1. where is the peak of each distribution?
    a. Subscribers:
            The Peak is at where X is:  6.5625
        
    b. customers:
            The Peak is at where X is:  21.7148         

2. How would we describe the shape of each distribution?
     Both Customer and Subscriber distribution is possibly non-symmetric, the fact that it has only one peak makes it unimodal, and it's skewed right (postive skewness).

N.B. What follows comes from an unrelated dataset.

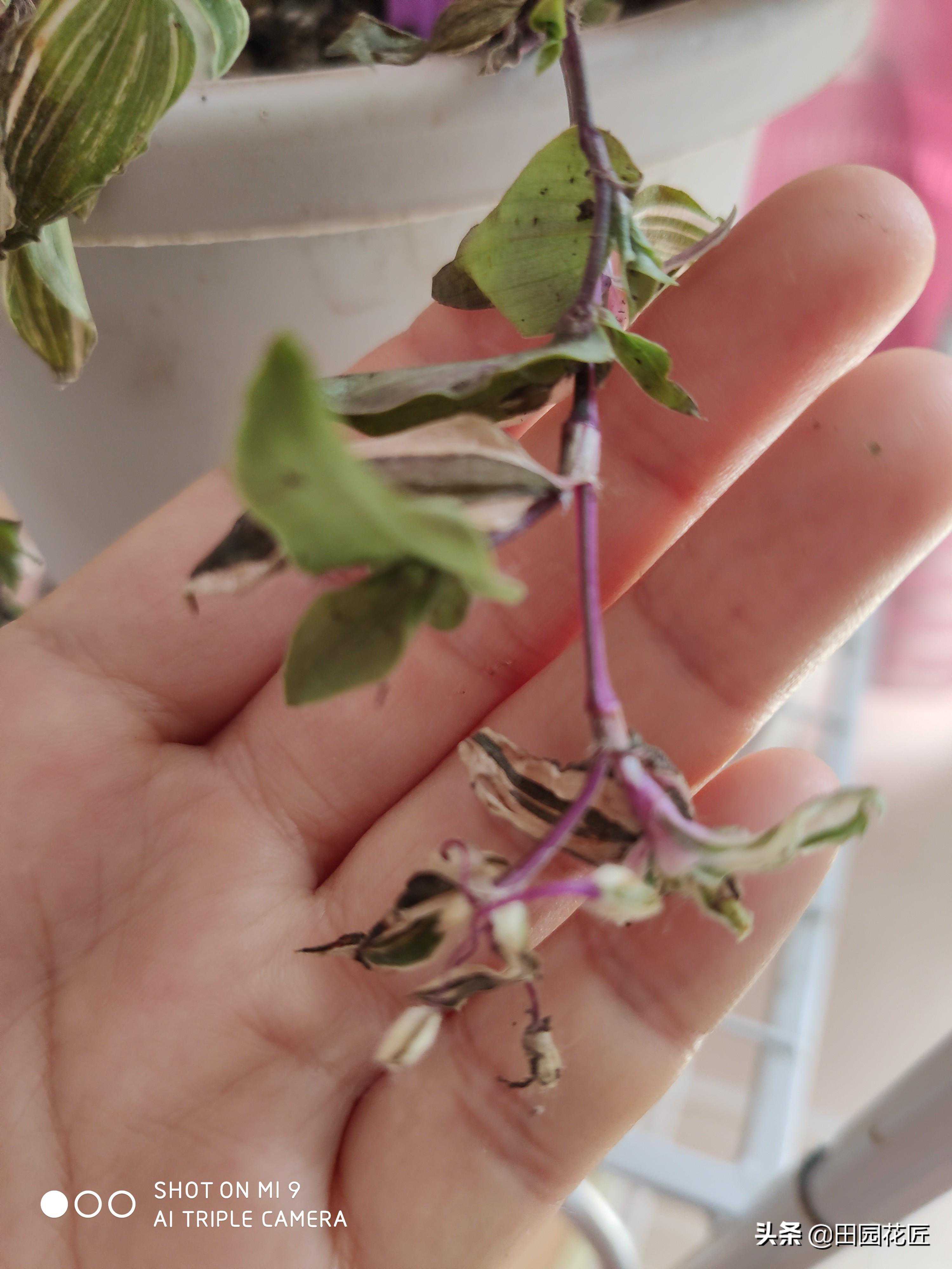所以小编又搬回楼下管理了,小编家房子朝东,春季早上只有2个小时左右的太阳,而且早上太阳比较温和,虽然不会灼伤叶片但是光照时间不足,会导致新买的婚礼吊兰不出锦。也就是叶片还是绿色和嫩绿色相间,没有出粉色,而且叶片会比较稀疏枝条也很细弱容易断。

So far, we've performed an initial exploration into the data available. we have compared the relative volume of trips made between three U.S. cities and the ratio of trips made by Subscribers and Customers. For one of these cities, we have investigated differences between Subscribers and Customers in terms of how long a typical trip lasts. Now it is our turn to continue the exploration in a different direction

  • How does ridership differ by month or season? Which month / season has the highest ridership? Does the ratio of Subscriber trips to Customer trips change depending on the month or season?
  • Is the pattern of ridership different on the weekends versus weekdays? On what days are Subscribers most likely to use the system? What about Customers? Does the average duration of rides change depending on the day of the week?
  • During what time of day is the system used the most? Is there a difference in usage patterns for Subscribers and Customers?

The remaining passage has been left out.